12. That the scope of the change proposed should be subject to primary legislation is illustrated by the Regulations themselves. Despite commitments made by the Lord Chancellor, they contain very little detail. No clear provision is made to preserve funding for pre-application work, nor for interim relief. No criteria are set for the determination of ex-gratia payments. Perhaps most worryingly, the ex-gratia payments are to be made subject to the discretion of the Lord Chancellor with no provision made for independent review or appeal. The implications of this proposal are most stark for cases brought against the Ministry of Justice or its agencies. These and many other concerns raised about the drafting – not the principle – of the changes proposed remain yet to be resolved. The Government proposes that the changes must take effect on 22 April 2014 and will apply to all individuals seeking legal aid to challenge a public decision after that date. In light of the limited evidence produced to support the Government’s case for change and that there is no immediate risk to the operation of the Administrative Court, Members may wish to consider whether such speedy implementation is either necessary or wise.

New Clause 2 – Permission hearings, costs and balanced reform

Proposed Amendment

(1) The High Court shall order the costs of any hearing to determine an application for leave pursuant to section 31 of the Supreme Courts Act 1981 to be paid by the unsuccessful party unless there are exceptional circumstances which would make such an order unjust.

(2) In this section, "unsuccessful party" means:

(a) The respondent in cases where leave is granted; or

(b) The claimant in cases where leave is refused.


13. This amendment would clarify that costs following an oral hearing on permission should normally be paid by the losing party. As explained above, a number of alternative suggestions for the reform of judicial review procedures have been made, which the Government has rejected. This amendment would put one of these suggestions on a statutory footing and would allow Members to ask the Government why this and a number of alternatives which would represent a more balanced approach to judicial review reform (affecting both claimants and respondents) have been rejected.

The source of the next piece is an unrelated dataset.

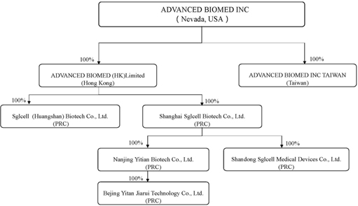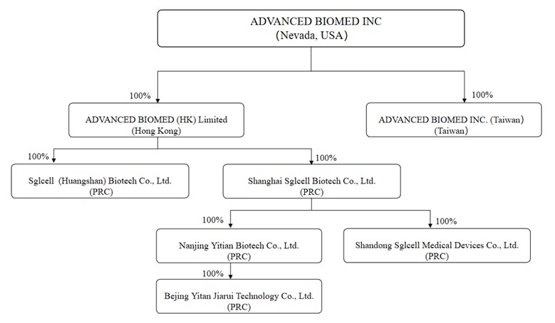 Advanced Biomed Inc.(简称“Advanced Biomed”)不是一家运营公司,而是一家在内华达州注册成立的控股公司。基本上所有的业务都是由我们的台湾子公司在台湾进行,由我们的中国子公司在中华人民共和国(“中国”或“中国”)进行。在此次发行中发行的普通股是一家美国控股公司的股票,该公司不经营业务。在本招股说明书中,“我们”、“我们”、“我们的”或“本公司”指的是美国控股公司Advanced Biomed。虽然我们的中国子公司都没有可变利益实体(“VIE”)结构,但中国监管当局可能不允许我们目前的运营结构,这可能会导致我们的运营发生重大变化和/或我们登记出售的证券的价值发生重大变化,包括可能导致此类证券的价值大幅下降或变得一文不值。请参阅“风险因素——中国政府的政策、法规、规则和法律执行的变化可能很快发生,几乎不会提前通知,可能会对我们在中国的盈利能力产生重大影响。”和“风险因素——中国政府可能随时干预或影响我们在中国的业务,或可能对海外发行和/或对中国发行人的外国投资施加更多控制,这可能导致我们的业务和/或我们登记出售的证券的价值发生重大变化。”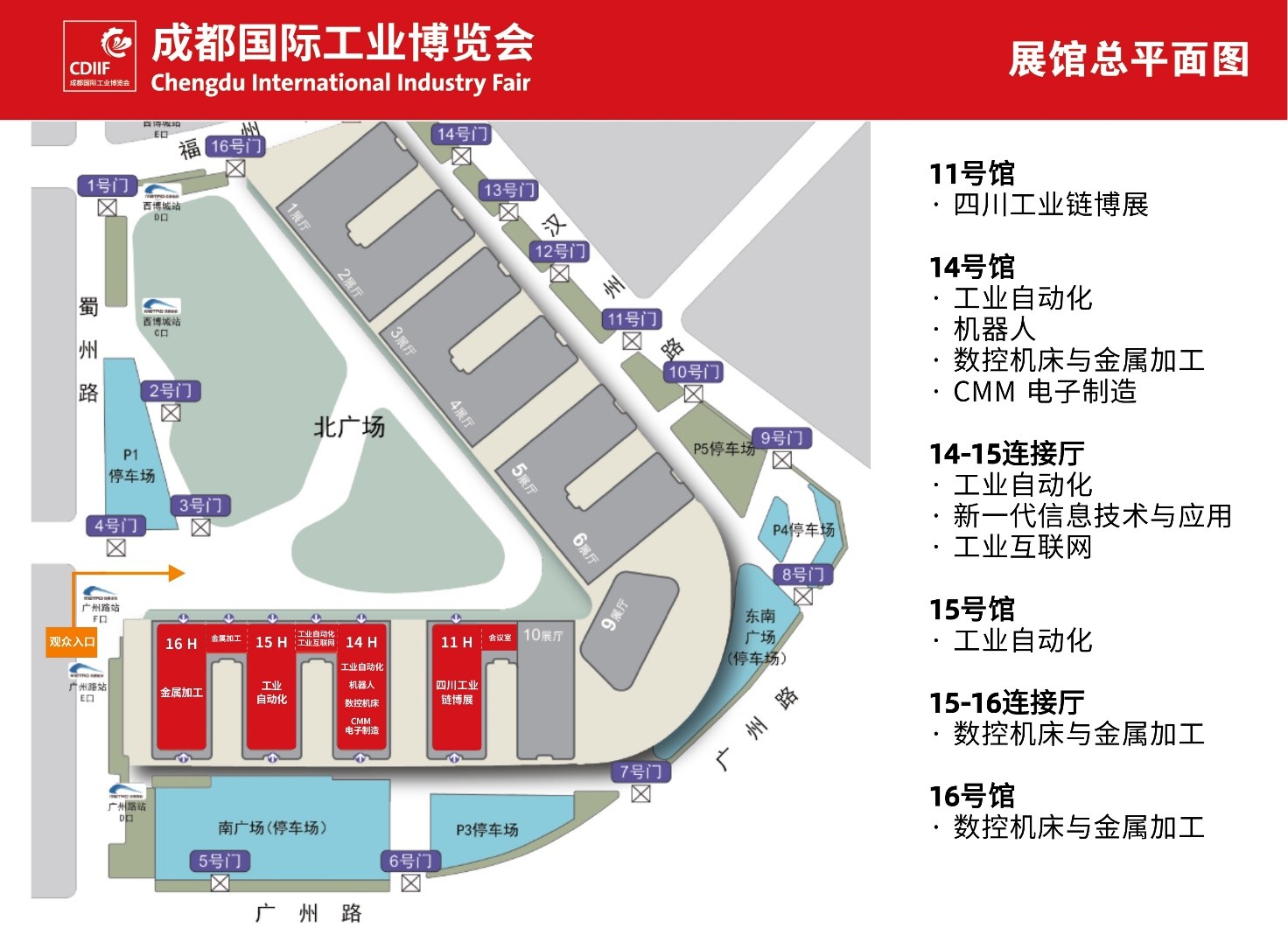 11號館 四川工業鏈博展 | 14 號館 工業自動化/機器人/數控機床與金屬加工/CMM 電子制造 |

14. A volume of procedural and substantive changes, for example, have been proposed by a recent report by the Bingham Centre for the Rule of Law on Streamlining Judicial Review in a Manner Consistent with the Rule of Law. [8] This amendment reflects one of its recommendations, albeit that statutory change would not be necessary to give it effect in practice. It argues that where a Respondent resists permission on the papers, then the claimants costs should be treated as "costs in the case" (that is, they would be recoverable if the claim succeeds). Different considerations apply on a renewal hearing. However:

We do not think that a defendant or an interested party who unsuccessfully contests an oral permission hearing should be in any better position than one who applies unsuccessfully for summary judgment: both have caused the court to hold a hearing which has turned out to be unnecessary.

However, if our logic …is correct in principle, then the corollary is also right. Claimants must bear the equivalent responsibility for continuing to maintain that their claim is properly arguable." [9]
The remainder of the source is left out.